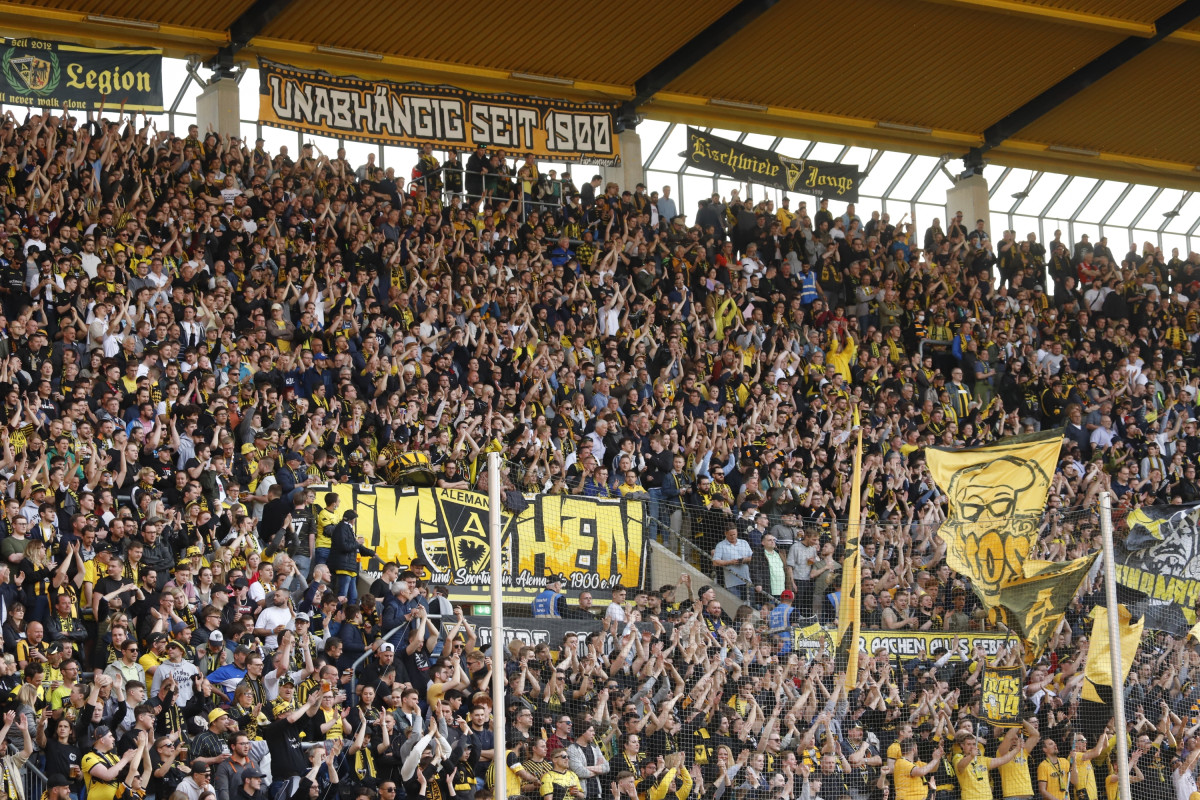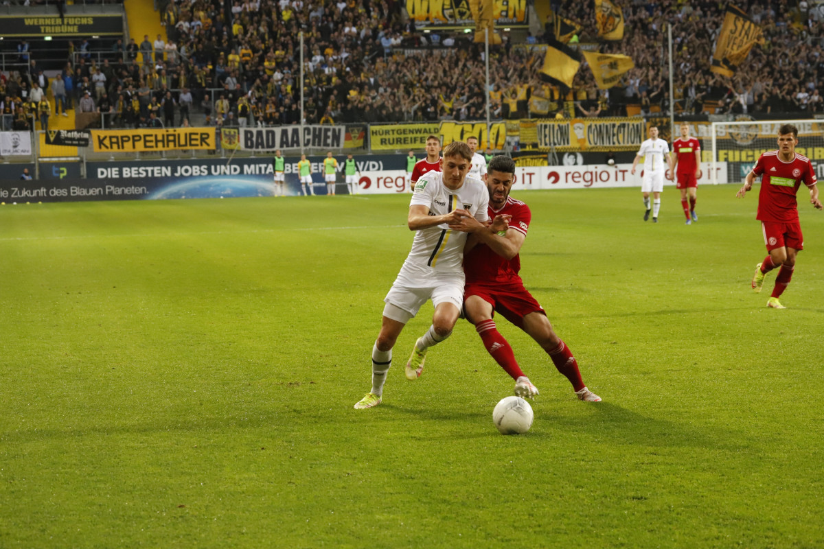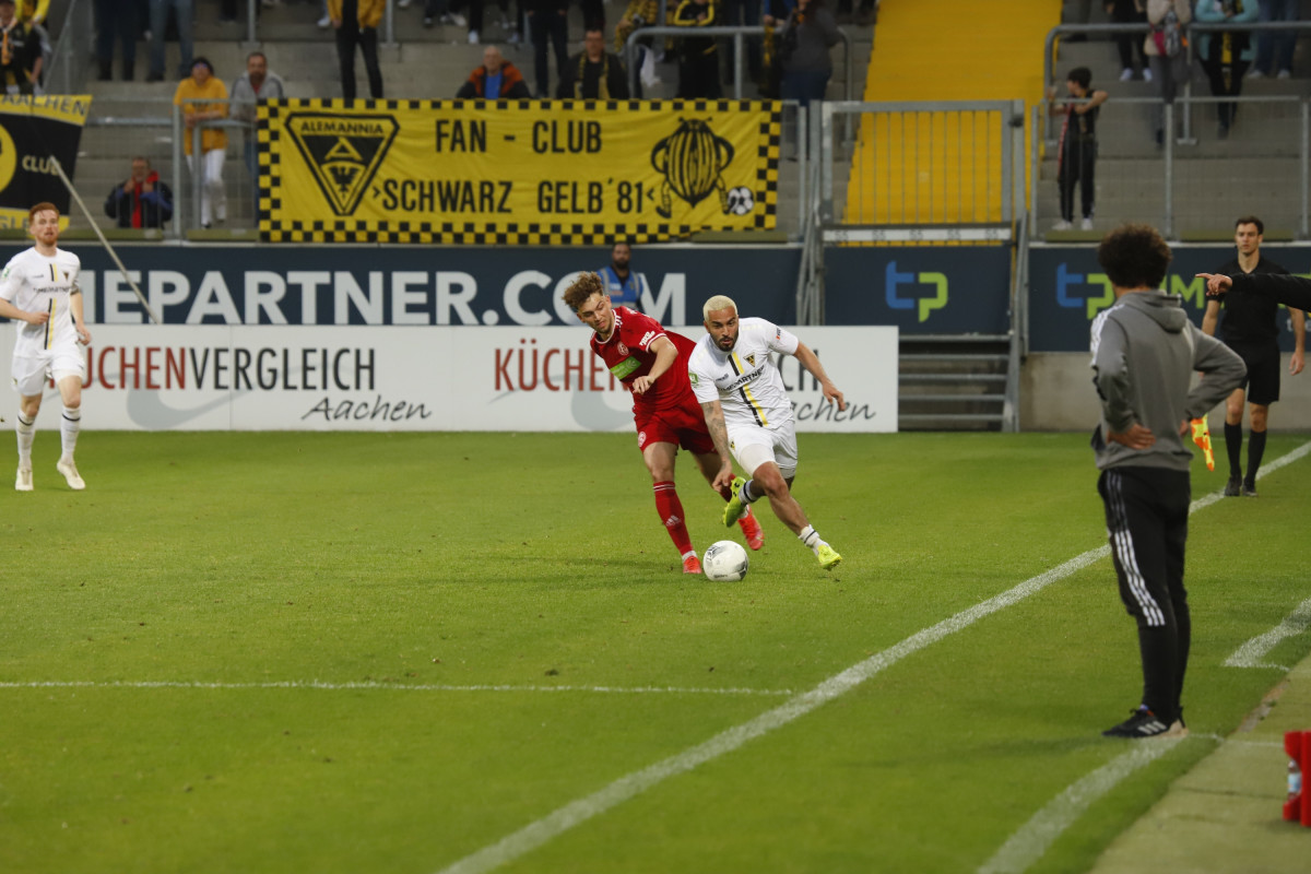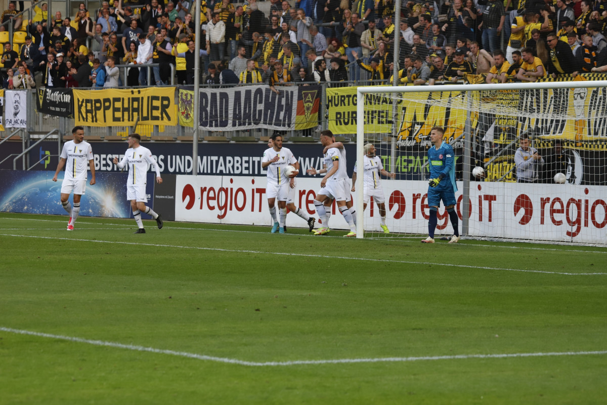 Ein letztes Mal in dieser Spielzeit hieß es an diesem 37. Spieltag unter Flutlicht ,Tivoli‘, ein letztes Mal hieß es ,Vollgas geben‘. Und diese 90 Minuten plus Nachspielzeit sollten die wohl intensivsten, emotionalsten und richtungsweisendsten Minuten der gesamten Saison, vielleicht sogar der letzten Jahre im Wohnzimmer der Alemannia werden. Bereits im Vorfeld hatte sich abgezeichnet, dass es irgendwie ein besonderes Spiel werden würde gegen die Zweite von Fortuna Düsseldorf. Der Zuspruch und die phänomenale Unterstützung der letzten Wochen aus dem schwarz-gelben Fanlager – das war schon früh an der Zahl der verkauften Karten ablesbar gewesen – sollte an diesem Abend in einer ungeahnten Wucht kulminieren, die sich von den Rängen auf die elf Alemannen auf dem Rasen übertrug. „Was die Fans hier seit Wochen abreißen, ist einfach der Wahnsinn“, brachte es ein sichtlich erleichterter Fuat Kilic nach Abpfiff auf den Punkt. Minutenlang hatte der Coach gemeinsam mit seiner Mannschaft noch mit den Anhängern an der Werner-Fuchs-Tribüne gefeiert, die kollektive Erleichterung zeigte sich mehr als deutlich. Der Klassenerhalt war so gut wie eingetütet – dabei hatte das Spiel so gar nicht im Sinne der Hausherren begonnen.
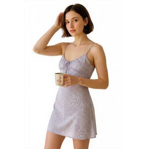 Ultra soft lavender with white flowers mini dress with tie at the front.
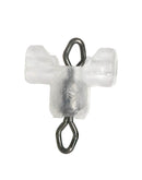 Unlike a traditional three-way swivel, the T Swivel allows complete freedom of movement of the hook snood in all directions. A standard swivel slots into the plastic housing allowing you to attach the hook snood with full rotation, while the plastic body allows the whole unit to freely move around the rig body line. This eliminates line twist. Furthermore, the plastic body acts as a mini boom, allowing the hook snood to stand off the rig body to reduce tangles. This is a good swivel to use on flapper rigs and can be crimped in place with no knots required.
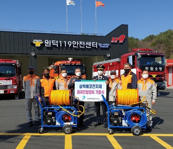 | 747 | (주)에코건자재, 삼척소방서원덕남성의용소방대에 산림화재진화용 고압펌프 기증 | 삼척홍보 | 2022-04-11 | 1170 | |
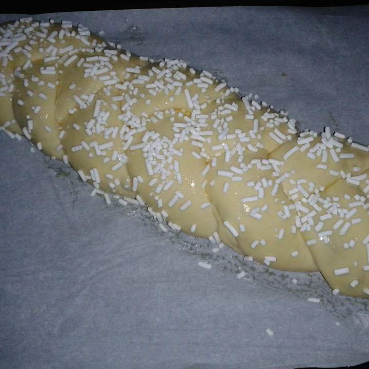 5) Accendere il forno a 180°. - 6) Prendere la treccia , spennellarla con il mezzo uovo sbattuto e cospargere con granella di zucchero, infornare e cuocere per circa 20 min in forno statico.
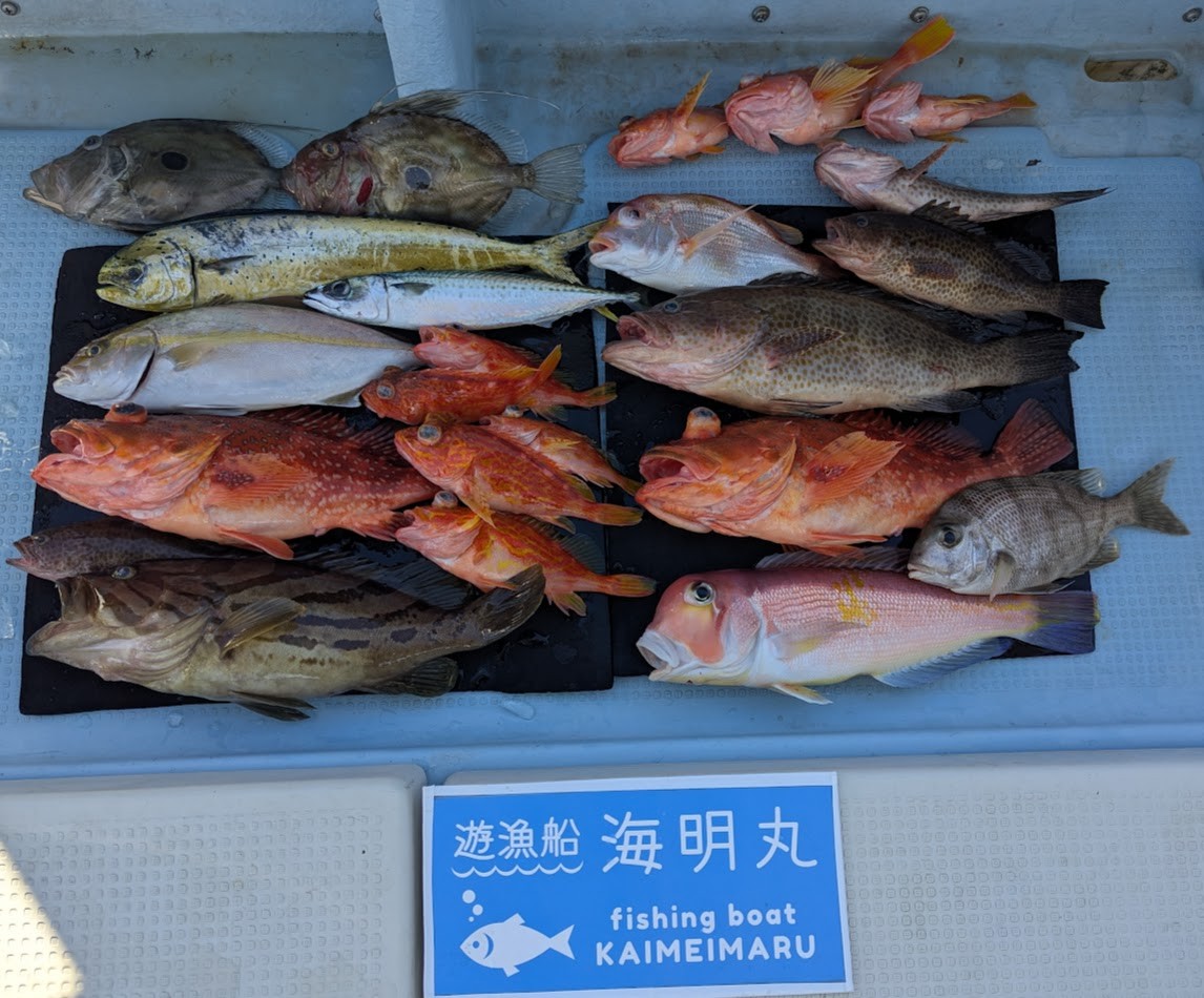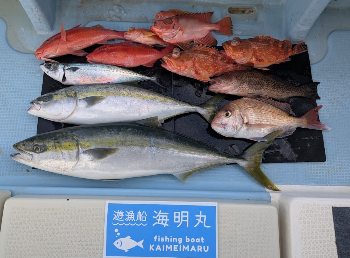 - オリジナルコースでライトジギング、タイラバ、他での出船でした。朝一は深場からスタート・・・一投目からワラサ😊<div>今日はいい感じと思いましたが後がイマイチ・・・少し浅場のポイントでダブルヒット・・・いい引きで釣れたのはブリ😊続いて食べごろサイズのマダイ・・・後半は少し浅場のポイントでティップラン、ジグで挑戦していただきましたが、アオリイカは配当なし・・・ジグはオオモンハタ、アカハタ、オジサンなどポツリポツリ釣れてましたが食べる分だけキープしてあとはリリースありがとうございます。魚種はブリ、ワラサ、マダイ、チカメキントキ、オオモンハタ、ウッカリカサゴ、オジサン、アヤメカサゴ、ゴマサバなどでした。</div><div>今日はお疲れ様でした。またの乗船お待ちしております。</div>
··········
§ Work to be completed
Set the pictures aside and transcribe exactly the stretch of lines above, beginning with the one holding "Unlike a traditional" and ending with the one holding "5) Accendere il".

§ Your response
 Unlike a traditional three-way swivel, the T Swivel allows complete freedom of movement of the hook snood in all directions. A standard swivel slots into the plastic housing allowing you to attach the hook snood with full rotation, while the plastic body allows the whole unit to freely move around the rig body line. This eliminates line twist. Furthermore, the plastic body acts as a mini boom, allowing the hook snood to stand off the rig body to reduce tangles. This is a good swivel to use on flapper rigs and can be crimped in place with no knots required.
 | 747 | (주)에코건자재, 삼척소방서원덕남성의용소방대에 산림화재진화용 고압펌프 기증 | 삼척홍보 | 2022-04-11 | 1170 | |
 5) Accendere il forno a 180°. - 6) Prendere la treccia , spennellarla con il mezzo uovo sbattuto e cospargere con granella di zucchero, infornare e cuocere per circa 20 min in forno statico.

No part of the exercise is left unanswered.